Assignment 10: SMT 2

In this assignment, you will:

Practice programmatically creating SMT expressions to model actual implementations (rather than designs).
Use a parsing library to analyze the structure of C programs.
Implement a (vastly simplified) symbolic execution engine for C programs!

This is a pair assignment—you may choose to either complete the assignment alone or with one other CS340 classmate. On Gradescope, you will be able to form a group with maximum size 2.

Setup

Stencil code

As before, this assignment uses the z3 SMT solver as a library in Python (Python 3, specifically).
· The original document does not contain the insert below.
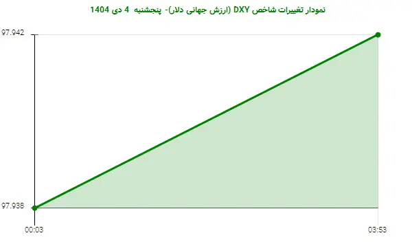 <p>بر اساس اطلاعات منتشر شده توسط سایت Trading Economics، شاخص DXY (ارزش جهانی دلار آمریکا) در پنجشنبه 4 دی 1404 با 97.938 واحد آغاز به کار کرد. طی نوسانات روز، دو خط حمایتی مشخص شدند: خط حمایتی پایین در حدود 97.938 و خط حمایتی بالا در حدود 97.942 واحد. در این روز، بیشتر نوسانات به سمت خط حمایتی پایین حرکت کرد و میانگین روزانه نزدیک به 97.94 واحد باقی ماند. اما در ساعات پایانی روز، شاخص توانست به خط حمایتی بالای خود نزدیک شود و به ارزش 97.942 واحد دست یابد. به طور کلی، روند تغییرات شاخص در این روز به سمت صعودی تغییر کرد که نشاندهنده تقویت موقعیت دلار در بازار جهانی است.
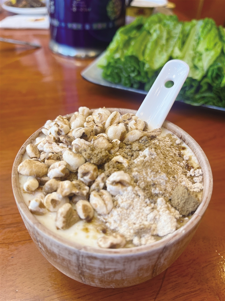 當(dāng)然,來到西藏一定得嘗嘗這里的牦牛酸奶。由純牦牛奶發(fā)酵而成,口感濃稠細(xì)膩,奶香濃郁,營養(yǎng)豐富。通常,原味的牦牛酸奶味道偏酸,需搭配白糖一起食用,也可以根據(jù)個人口味加入蜂蜜、炒青稞、人參果等,口感更加豐富、易接受。

If needed, see the instructions from class to install the z3 library on your local machine.

In addition, the stencil code uses the pycparser Python library for constructing representations of C programs.

Install with:

pip3 install pycparser

Most of the code for interacting with this library is already implemented for you in the stencil code.

This assignment is based on a stencil file and provided C test programs, which you can download here.
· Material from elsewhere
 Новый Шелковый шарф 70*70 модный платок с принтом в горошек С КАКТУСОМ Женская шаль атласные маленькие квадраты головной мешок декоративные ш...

In your directory, also create a README.{md, txt}.

Symbolic execution

Simplifying assumptions

In the basic requirements for assignment, you will implement a simplified version of symbolic execution that works for C programs with integers (int), assignments (int x = ...), conditional statements (if (...) { ...} else ...), and arithmetic expressions on integers (a + b) and booleans (a && b).
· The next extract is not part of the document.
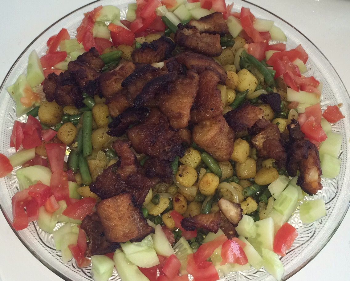 When the potatoes are ready add them to the pan and bake for 7 minutes or so. Put the fried cod bits in another pan an bake them for about 4 minutes. In the meantime cut some tomatoes and cucumber. Get a big plate, put the mix of beans and potato on the plate. Put the tomato and cucumber around the potatoes. Put the cod bits on top and the dish is ready to be served.

You implementation only needs to handle the features of C used by the test programs excluding extra-credit-bin-search.c, which is extra credit.

The list of features you do not need to support for the basic requirements includes (but is not limited to): loops, early return statements, arbitrary function calls, etc.

Goal

Our goal for this simple symbolic execution engine is to statically identify two types of potential bugs:

Problematic exit(...) statements (recall: in C, which exit codes indicate a problem?)
Division by zero. Unlike many other languages (Python, Java), division by zero does not crash your program, but is instead undefined behavior. This in essence means the compiler can produce code that does anything in the case where a division by 0 is attempted, which could cause serious bugs!

Simplified algorithm for symbolic execution

Because we have substantially reduced the type of control flow possible in a program, we can simplify how we handle path conditions and symbolic variables.

Rather than merging symbolic constraints after control flow rejoins (for example, after an if-statement), the stencil code is set up to recursively pass a single path condition and a single mutable symbolic variable map.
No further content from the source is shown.